The records below:

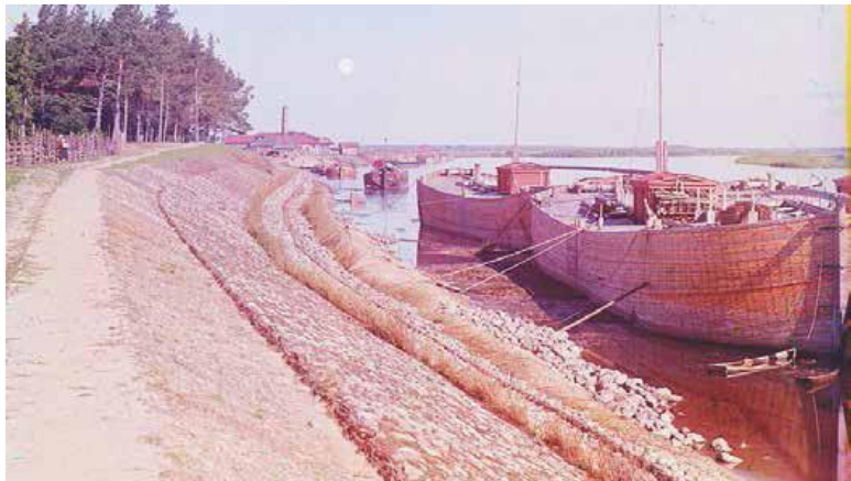
Шексна у деревни Вахново.

Центр села Городище украшали две церкви: Знамения Пресвятыя Богородицы – холодная о 5-ти главах со слюдяными окончинами (1731 г.) и теплая – великомученицы Параскевы об одной главе, построенная Бестужевым-Рюминым в 1733 году. Позднее тщанием прихожан на месте этих церквей поставлены были две каменные: одна 2-х этажная в честь Святой и Живоначальной Троицы с теплым приделом в честь святой великомученицы Параскевы (1796 г.), а другая в честь Знамения Пресвятой Богородицы и преподобного Александра Свирского, чудотворца (1820 г.).
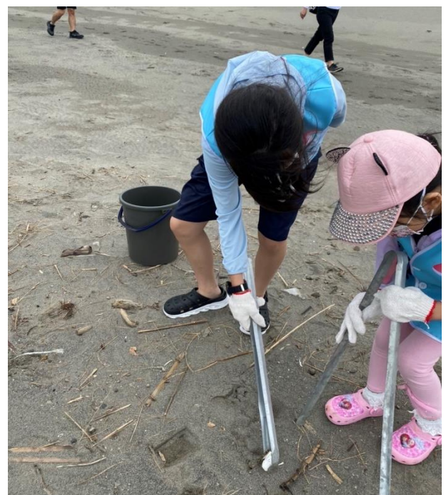
▲由爸媽親自帶著小朋友一起淨灘，建立正確的環保觀念。
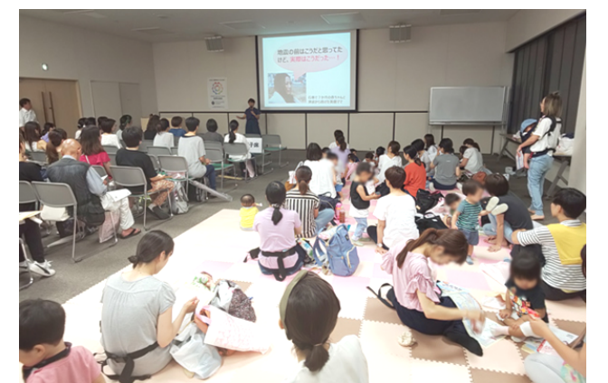
淀川区役所協力のもと、場内にマット敷きの親子スペース、授乳スペースや乳母車置き場を用意し、開催しました
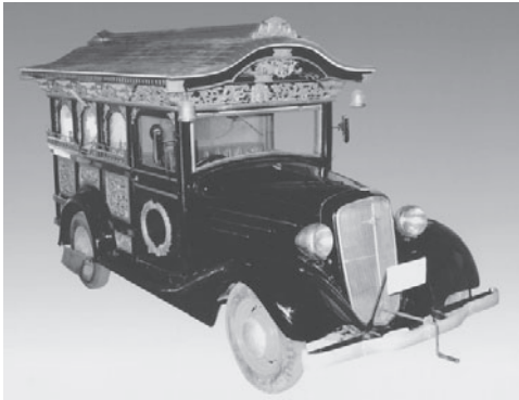
第1号となるシボレーの霊柩車

昭和34年には有限会社にはいほらに社名を変え、平成5年には、株式会社にいほらに組織変更し、これまで取り扱っていた神具、仏具等の葬儀用品以外に、ご祝儀用の商品も取り扱うようにな
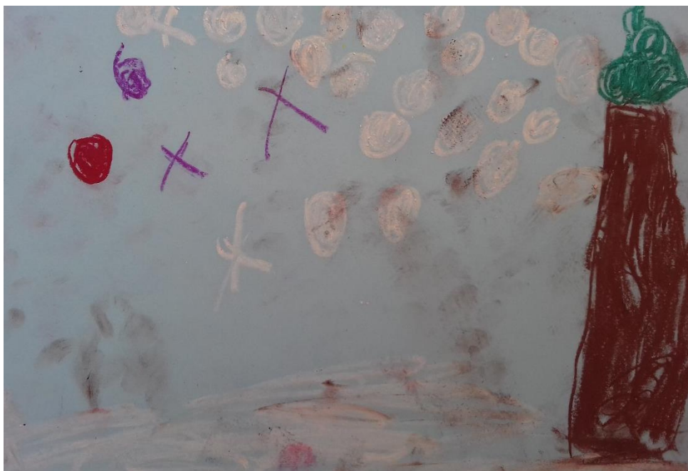
Slika 16. Pastela

„Nacrtała sam snijeg, kišu, pahuljice.“ djevojčica (4,2 god)
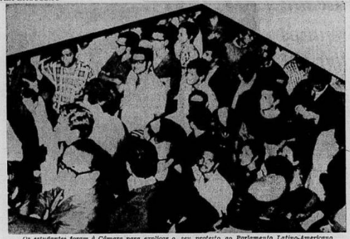
Os estudantes foram à Câmara para explicar o seu protesto ao Parlamento Latino-Americano
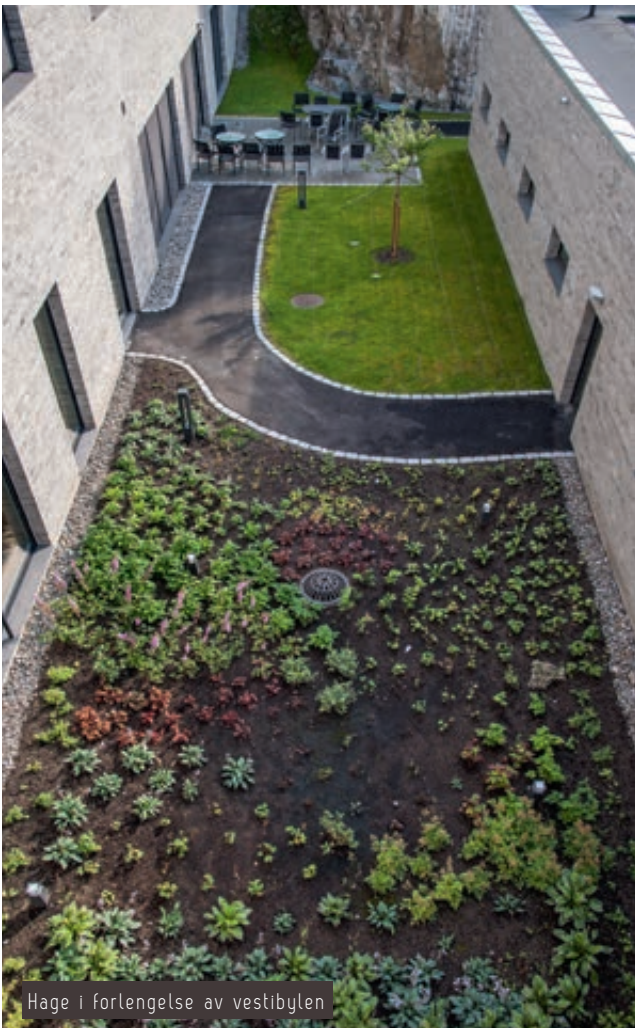
Hage i forlengelse av vestibylen
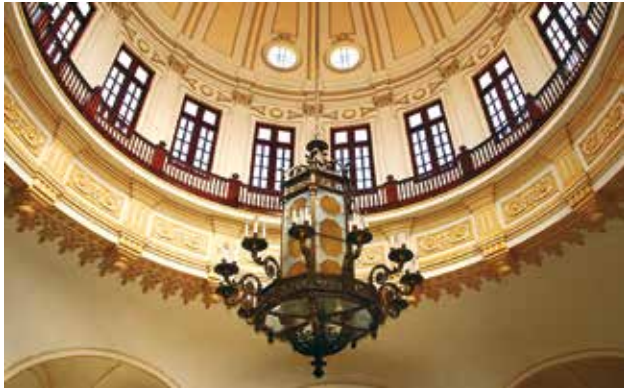
Cúpula del Palacio Nacional vista desde el interior.
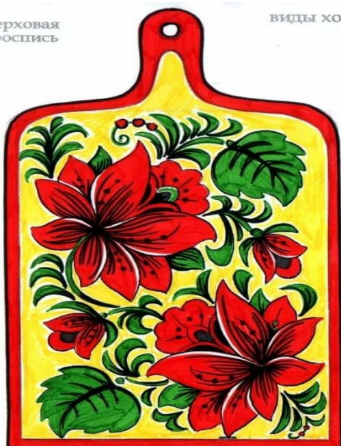
виды хохломской росписи:
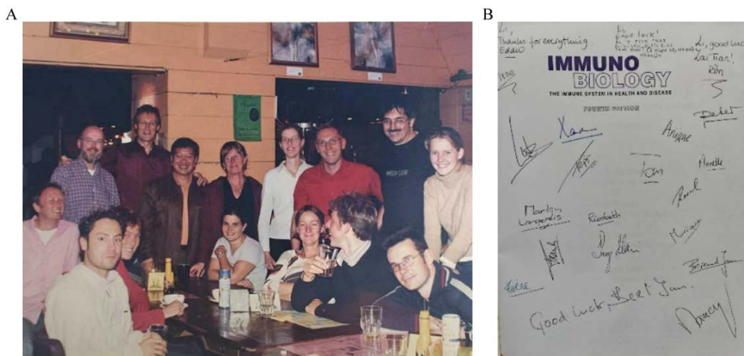
图1 在荷兰实验室学习期间的留念 A: 2005年1月乌特勒支大学兽医学院病毒学实验室合影。B: 同事赠送的专业书扉页签名留念

印象深刻的还有乌特勒支大学博物馆。乌特勒支大学有近400年的历史,名人荟萃;博物馆建有多个展厅,许多具有悠久历史的文献资料、教学用品、标本、仪器设备被陈列在馆内,参观者可以自己设计实验,亲自操作一些实验器材,体验一些科学实验过程。悠久的历史和文化是社会发 展积淀的重要组成部分,因此博物馆特殊的体验感受体现了独特的大学文化传承,很有意义。
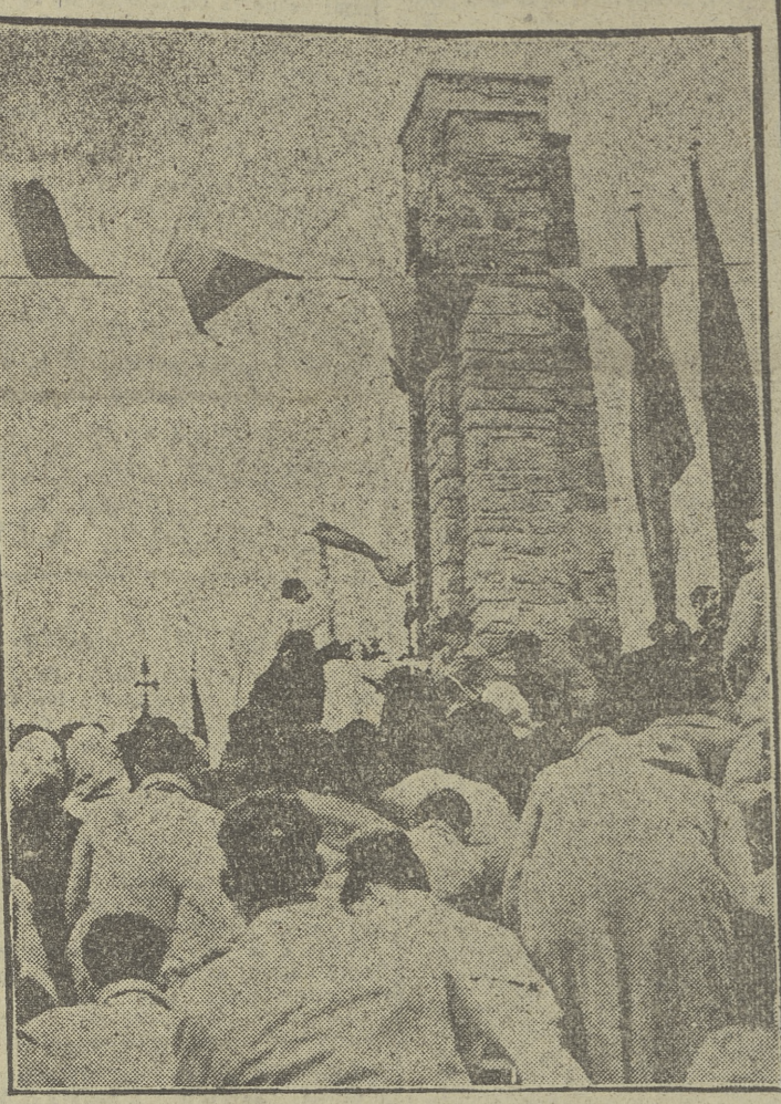
Zaragoza. — Conmemoración de la gesta de Alcubierre, donde se cubrieron de gloria las Banderas séptima y tercera de la Falange de Aragón.

End of The records.

Instructions to follow — An exact copy is needed. It runs from the line above containing "昭和34年には有限会社にはい" down to the line containing "Cúpula del Palacio", both included, with no pictures.

Solution —
昭和34年には有限会社にはいほらに社名を変え、平成5年には、株式会社にいほらに組織変更し、これまで取り扱っていた神具、仏具等の葬儀用品以外に、ご祝儀用の商品も取り扱うようにな
Slika 16. Pastela

„Nacrtała sam snijeg, kišu, pahuljice.“ djevojčica (4,2 god)
Os estudantes foram à Câmara para explicar o seu protesto ao Parlamento Latino-Americano
Hage i forlengelse av vestibylen
Cúpula del Palacio Nacional vista desde el interior.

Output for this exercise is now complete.